Após discordar do valor de acordo oferecido pelo Ministério Público, a defesa da médica Letícia Bortolini protocolou suas alegações finais perante a Décima Vara Criminal da Comarca de Cuiabá, requerendo a absolvição da ré pelas acusações relacionadas ao acidente ocorrido em 14 de abril de 2018, que resultou na morte do verdureiro Francisco Lucio Maia.

A peça jurídica sustenta a ausência de nexo de causalidade, que é o termo técnico para a falta de ligação direta entre as ações da acusada e o resultado fatal, e questiona a validade das provas de embriaguez e excesso de velocidade apresentadas pelo Ministério Público.

De acordo com os memoriais defensivos, o atropelamento teria sido inevitável mesmo se o veículo estivesse dentro do limite de velocidade da via, devido ao que chamam de entrada inopinada da vítima na pista.

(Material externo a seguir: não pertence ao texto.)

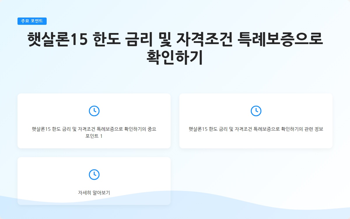 햇살론15는 저신용자와 저소득자를 위한 매우 유용한 금융 지원 프로그램입니다. 직접보증을 통해 대출의 문턱을 낮추고, 낮은 금리와 유연한 상환 조건으로 많은 사람들에게 도움이 되고 있습니다. 신청하기 전 자격 조건과 절차를 충분히 이해하고 준비하는 것이 중요합니다.
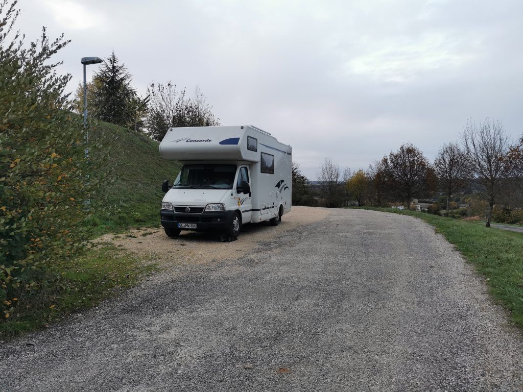 Was wir noch nicht wussten, was passieren kann, wenn man rückwärts über den höchsten Punkt der Keile fährt: Die Keile kippen senkrecht, verklemmen im Radkasten und lassen sich nicht mehr herausnehmen. Folge: Wir müssen sie ausgraben!! Kein lockerer Boden, nein – verdichteter Splitt. Eine Stunde Grabearbeiten mit Schraubenzieher und Schraubschlüssel als Werkzeug.

Os advogados destacam que Francisco Lucio Maia apresentava um nível de álcool no sangue de 25,54 dg/l, valor quatro vezes superior ao limite considerado crime para condutores, e atravessava a avenida fora da faixa de pedestres conduzindo um carrinho sem sinalização reflexiva. No texto das alegações finais, a defesa reforça a tese de que “o resultado, de que depende a existência do crime, somente é imputável a quem lhe deu causa”.

Um dos pontos centrais da argumentação é o sistema anticolisão do veículo JEEP Compass conduzido pela médica, que não foi acionado no momento do impacto. Para o assistente técnico da defesa, o fato de a tecnologia de frenagem automática não ter detectado o obstáculo comprova que a movimentação do pedestre foi repentina, impedindo a reação tanto da motorista quanto dos sensores eletrônicos. Conforme trecho do acórdão do Tribunal de Justiça de Mato Grosso citado na peça, o sistema não foi acionado “obviamente por conta de a vítima ter entrado de inopino na pista de rolamento”.

Sobre a acusação de embriaguez, a defesa apresentou um mapeamento genético e laudos médicos que indicam que o rubor facial apresentado por Letícia no dia dos fatos decorreu de uma condição clínica chamada rosácea, agravada pelo estado emocional de choro e estresse. Além disso, os advogados pontuam que o exame clínico realizado por um médico legista oficial logo após o acidente resultou negativo para sinais de embriaguez.

Quanto ao excesso de velocidade, a defesa recorda que os laudos periciais iniciais foram anulados pela Justiça por quebra da cadeia de custódia, que ocorre quando há falha na preservação da integridade das provas.A apresentação das alegações finais não importa em renúncia ao direito de celebrar o acordo ainda em discussão com o Ministério Público.